## Exercise details
I'd ask you to write out the lines below exactly, with no images.

## Dataset extract

- - -

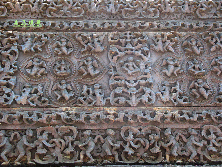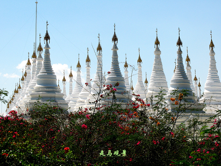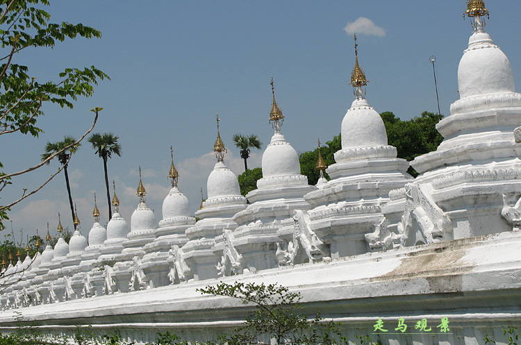 阿都瑪希寺廟里,由729塊大理石雕刻成的經(jīng)書,組成了整齊圣潔的佛塔,在陽光和鳳凰樹紅色花球的環(huán)繞中,看著這些潔白的石經(jīng),心里會(huì)有平靜浮起。
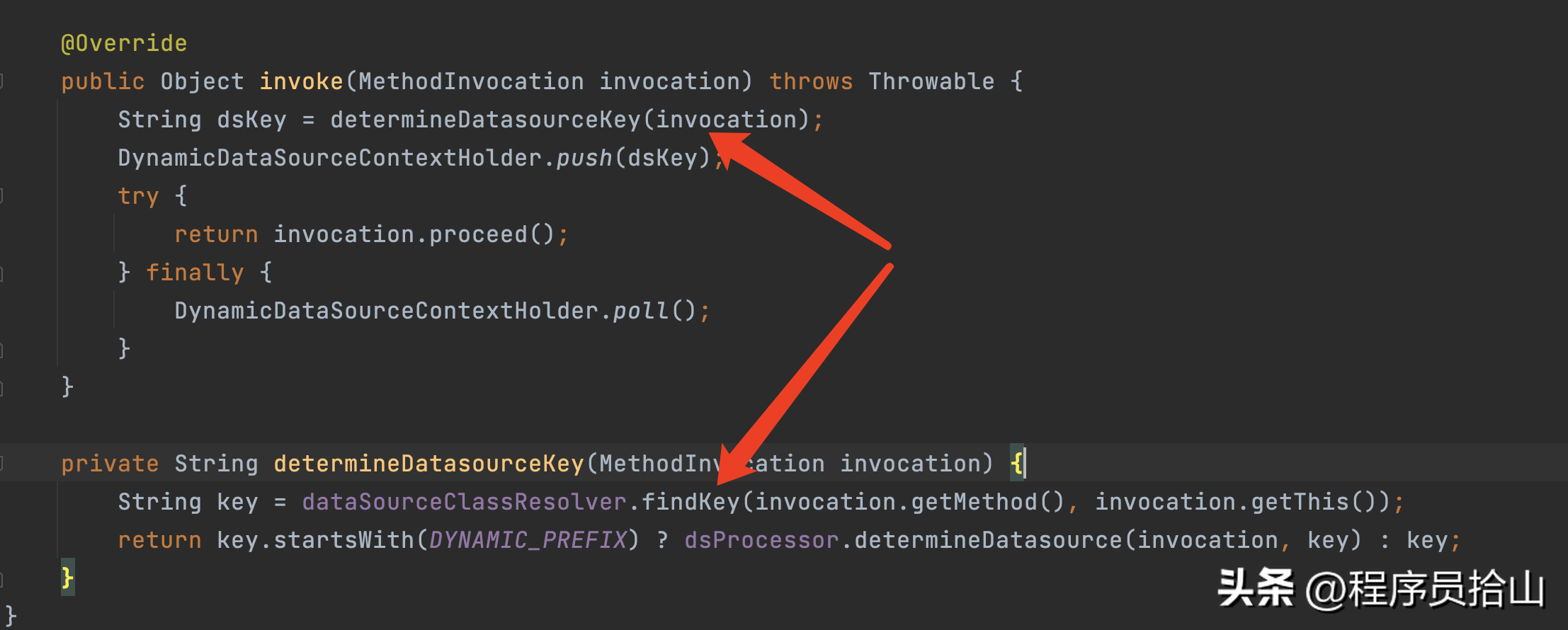 DynamicDataSourceAnnotationInterceptor类是一个方法拦截器,它的invoke里面有判断DS key的操作。
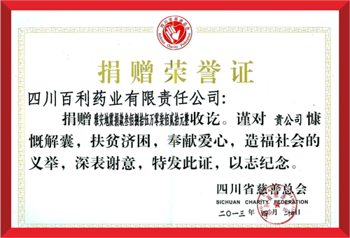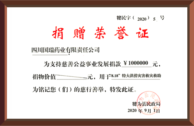 2020年8月18日,四川省犍为县遭遇百年未遇特大洪涝灾害,云开体育网页版登录入口-云开(中国)集团国瑞药业向犍为县灾区捐赠现金100万元。

- - -

## Response box
 阿都瑪希寺廟里,由729塊大理石雕刻成的經(jīng)書,組成了整齊圣潔的佛塔,在陽光和鳳凰樹紅色花球的環(huán)繞中,看著這些潔白的石經(jīng),心里會(huì)有平靜浮起。
 DynamicDataSourceAnnotationInterceptor类是一个方法拦截器,它的invoke里面有判断DS key的操作。
 2020年8月18日,四川省犍为县遭遇百年未遇特大洪涝灾害,云开体育网页版登录入口-云开(中国)集团国瑞药业向犍为县灾区捐赠现金100万元。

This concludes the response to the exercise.